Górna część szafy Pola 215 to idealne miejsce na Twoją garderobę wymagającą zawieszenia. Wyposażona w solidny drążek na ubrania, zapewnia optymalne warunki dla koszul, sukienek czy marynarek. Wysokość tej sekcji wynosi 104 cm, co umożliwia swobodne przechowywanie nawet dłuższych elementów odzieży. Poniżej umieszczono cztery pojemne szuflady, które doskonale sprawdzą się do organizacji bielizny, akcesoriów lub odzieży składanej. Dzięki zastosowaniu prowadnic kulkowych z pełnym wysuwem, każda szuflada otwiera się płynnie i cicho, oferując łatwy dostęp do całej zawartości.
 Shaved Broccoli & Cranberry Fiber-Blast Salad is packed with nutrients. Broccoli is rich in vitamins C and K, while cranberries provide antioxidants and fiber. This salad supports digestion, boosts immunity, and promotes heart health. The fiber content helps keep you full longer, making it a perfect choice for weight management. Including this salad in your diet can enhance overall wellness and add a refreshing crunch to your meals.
::::
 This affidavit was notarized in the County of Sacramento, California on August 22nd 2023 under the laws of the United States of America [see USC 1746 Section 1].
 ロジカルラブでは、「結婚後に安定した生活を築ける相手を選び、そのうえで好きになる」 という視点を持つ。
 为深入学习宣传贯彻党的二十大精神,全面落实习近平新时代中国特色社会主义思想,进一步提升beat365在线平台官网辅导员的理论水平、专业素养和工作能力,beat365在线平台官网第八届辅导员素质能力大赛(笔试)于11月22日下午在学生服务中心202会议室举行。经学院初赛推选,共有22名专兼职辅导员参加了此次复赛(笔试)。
::::
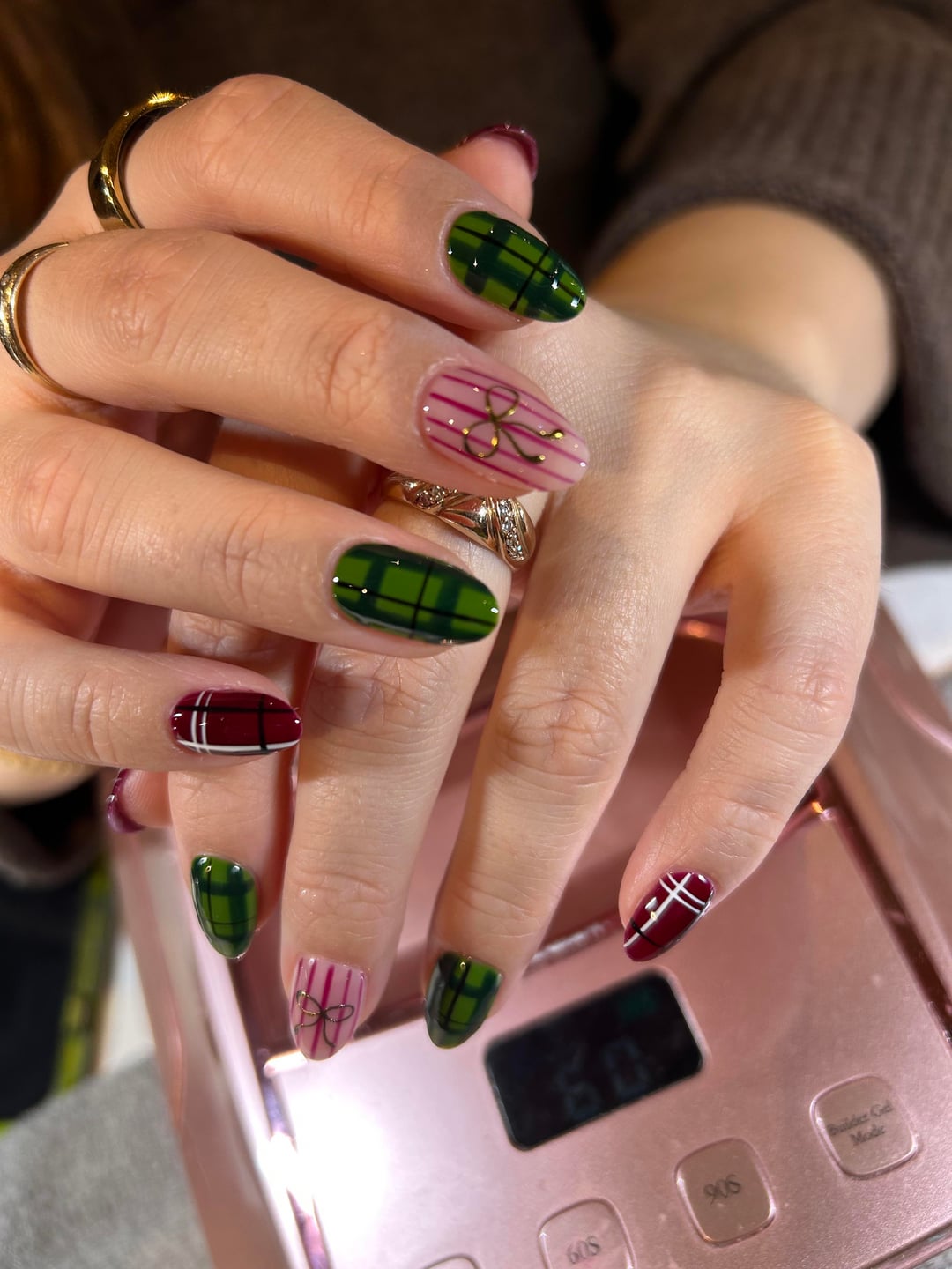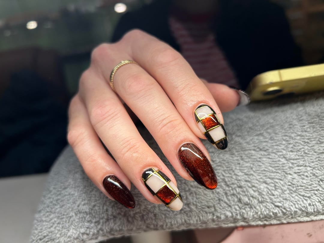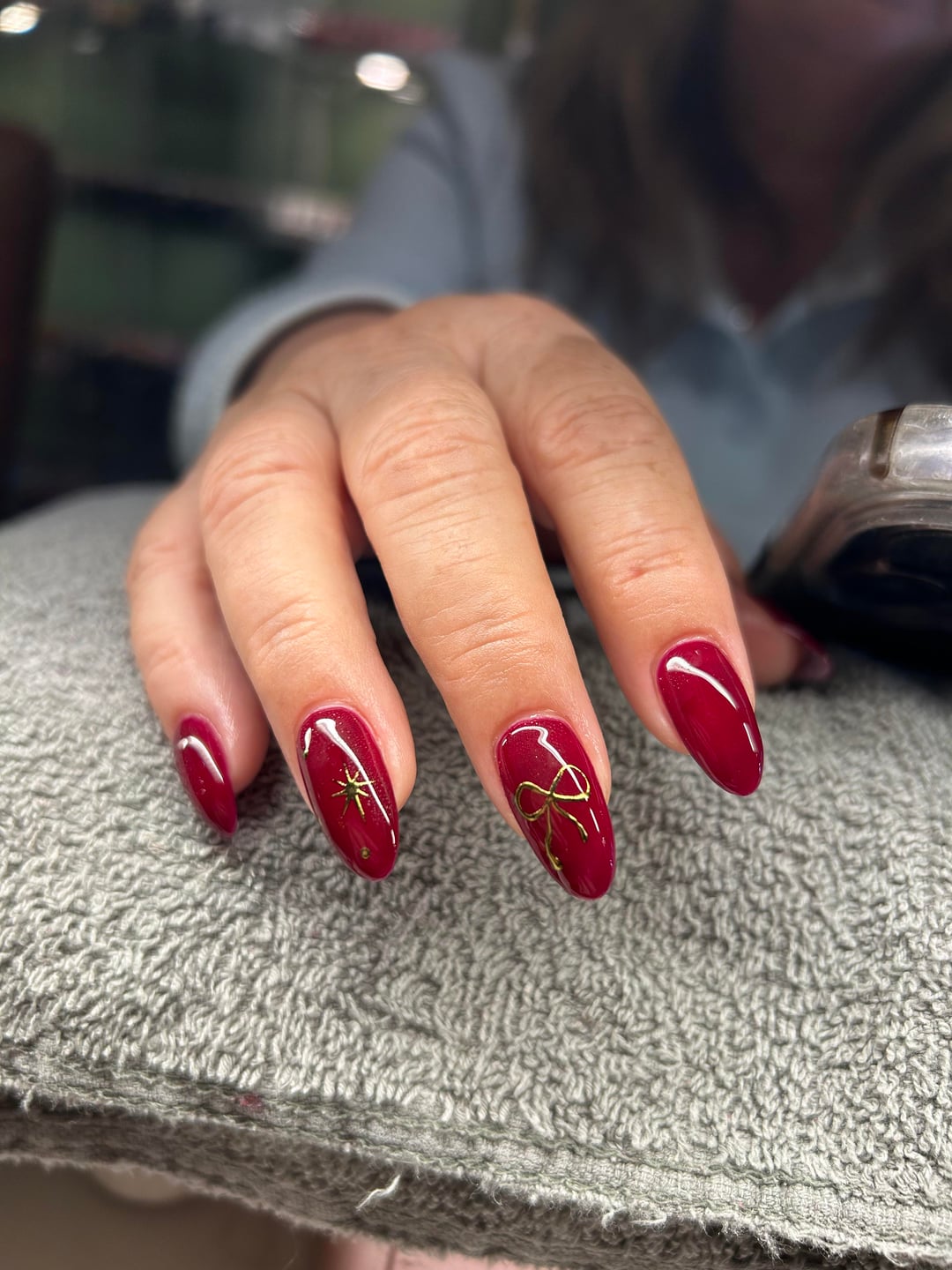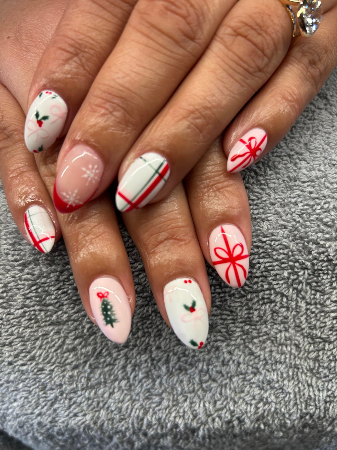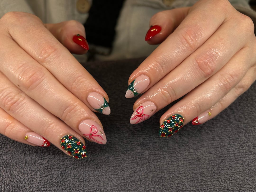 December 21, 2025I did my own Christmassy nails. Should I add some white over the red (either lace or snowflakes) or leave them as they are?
::::
__WHAT IS BEING ASKED__
Looking back over the data above, restate word for word the lines that begin at the line with "ロジカルラブでは、「結婚後に" and end at the line with "为深入学习宣传贯彻党的二十大", inclusive.

__WRITTEN ANSWER__
 ロジカルラブでは、「結婚後に安定した生活を築ける相手を選び、そのうえで好きになる」 という視点を持つ。
 为深入学习宣传贯彻党的二十大精神,全面落实习近平新时代中国特色社会主义思想,进一步提升beat365在线平台官网辅导员的理论水平、专业素养和工作能力,beat365在线平台官网第八届辅导员素质能力大赛(笔试)于11月22日下午在学生服务中心202会议室举行。经学院初赛推选,共有22名专兼职辅导员参加了此次复赛(笔试)。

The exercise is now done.